Surgery for Distant Metastatic Melanoma Improves Survival

The results of surgical treatment of stage IV melanoma patients have improved considerably over the past two decades. This is not just the result of better or less invasive operations. The tumor marker S-100B has a modest 50 % positive predictive value but can draw attention to a silent distant metastasis.1 Considerable credit goes to the nuclear medicine physicians. ¹⁸F-fluoro-2-deoxy-d-glucose is avidly accumulated in melanoma cells and enables positron emission tomography (PET) to discern metastases as small as 2 mm. Hybrid PET/CT allows surgeons to pinpoint the location of a metastasis and to better plan the operation. Also, PET helps to exclude metastases elsewhere and thus selects the patients with truly limited hematogenous dissemination. As a result, the chance to cure a patient via surgery has improved, and fewer patients undergo a procedure from which they do not benefit in the end because of small metastases that become evident later on.

Howard et al.2 provide further evidence of the beneficial role of surgery for distant metastases of melanoma. Their study population consisted of 291 patients enrolled in Morton’s phase III Multicenter Selective Lymphadenectomy Trial (MSLT-I) who developed distant metastases. Patients who did not receive treatment for their stage IV melanoma or whose stage IV treatment data were missing were excluded from the study. Survival was better with surgery compared to systemic treatment. The median survival of the patients who received surgery, both as single treatment or in combination with systemic medical treatment, was 15.8 months compared to 6.9 months treated with systemic medical treatment alone; 4-year survival rates were 20.8 and 7.0 %, respectively. The authors concluded that over half of stage IV patients are candidates for distant metastasectomy and that this approach should be undertaken whenever feasible. Strong points of the study are its size and the conscientious follow-up of the patients.

However, the study lacks the scientific soundness of a randomized design; this study thus may have had a selection bias. The authors attempt to control for this hazard by comparing surgical and nonsurgical cohorts, based on M stage, number of distant metastases, number of metastatic sites, and short or long disease-free interval.

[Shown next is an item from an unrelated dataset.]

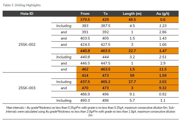 Drill hole 25SK-002 was drilled 140 m below drill hole 25SK-001, where drill hole 25SK-003 was drilled 200 m below previous shallow drilling and 100 m to the west of drill hole 25SK-001, which intercepted five distinct zones of gold mineralization across a 140 m drilled length, including 41.5 m of 1.23 g/t gold (see news release dated August 12, 2025). Highlights from the additional drilling include 49.5 m of 0.6 g/t gold and 22.7 m at 1.47 g/t gold from drill hole 25SK-002, as well as 59 m of 1.59 g/t gold and 9.1 m of 0.92 g/t gold from drill hole 25SK-003 (Table 1). The reported intercepts leave the mineralization at La Pointe Extension open at depth and along strike to the west (Figures 1, 2, and 3).
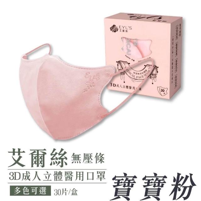 艾爾絲成人3D 無壓條立體醫療口罩 絲質輕柔新體驗 30入/盒 專品藥局

This approach confirmed the better survival for the surgery-containing regimen, especially for the stage M1a cohort and for the cohort of patients with one metastatic lesion. Power to confirm the survival benefit of the surgery-containing regimens can also be derived from the multivariate analysis, which revealed treatment modality and M stage as significant prognostic factors.

The median survival of 11.6 months in the entire stage IV study group is about twice as long as data in the literature indicate.3 ^, 4 Careful follow-up and optimal treatment in the renowned centers taking part in the MSLT-I may explain this difference. Interesting is the finding that patients who underwent repeat surgery for recurring distant disease did better than those who received only one operation. This observation underlines once more the important role of surgery in stage IV melanoma patients.

Exciting developments in the systemic treatment of stage IV melanoma patients have been reported recently, with the BRAF inhibitor vemurafinib and the monoclonal antibody ipilimumab standing out.5 ^, 6 However, the low complete response rate of these agents (0.9 and 1.6 %, respectively) and the modest increase in survival—only a few months—are not good enough to replace surgery in cases of limited distant disease. Other targeted drugs are being developed, and some are currently being tested in the clinical setting. One can foresee combinations of drugs to come out with preoperative or postoperative addition of various targeted drug-containing regimens.

Because the major limitation the study of Howard et al. is its nonrandomized design, it is appropriate to conduct a randomized study to provide definitive proof. This is why the authors are now examining the efficacy of surgery, with or without postoperative adjuvant bacillus Calmette-Guerin immunotherapy, versus best medical therapy as initial treatment for resectable stage IV melanoma in a prospective phase III international trial. Timing of surgery versus systemic treatment is another important end point of this trial. The development of new and effective drugs—no matter how welcome these are—may prove to be a threat to the proposed study. Because different regimens are used in the various hospitals, the investigators understandably leave systemic treatment at the discretion of medical oncologists. The result may be a plethora of different regimens. If the systemic medical treatment arm turns out to be inferior, one will wonder whether an effective drug regimen was perhaps overshadowed by ineffective systemic therapies. Also, it is likely that a quick succession of additional new drugs will be administered during the study. At the end of the study, I expect the playing field to be different from what it is today, and even different from the foreseeable future. One will wonder what the relevance of the result is if the current systemic treatment comes out on top. However, these considerations should not deter the investigators from carrying on. Here is another chance for Donald Morton to lead the melanoma community to advances in care for future patients.

It has been only 3 years since a distinguished melanoma expert at the World Health Organization melanoma conference in Vienna in 2009 grumbled that “a breakthrough in systemic therapy is not on the horizon.” How different the perspective is today! Now, it is realistic to predict that treatment of stage IV melanoma patients will turn multidisciplinary. The large, multicenter study by Howard et al. clearly underlines the important role of tailored surgery in such a changing treatment paradigm.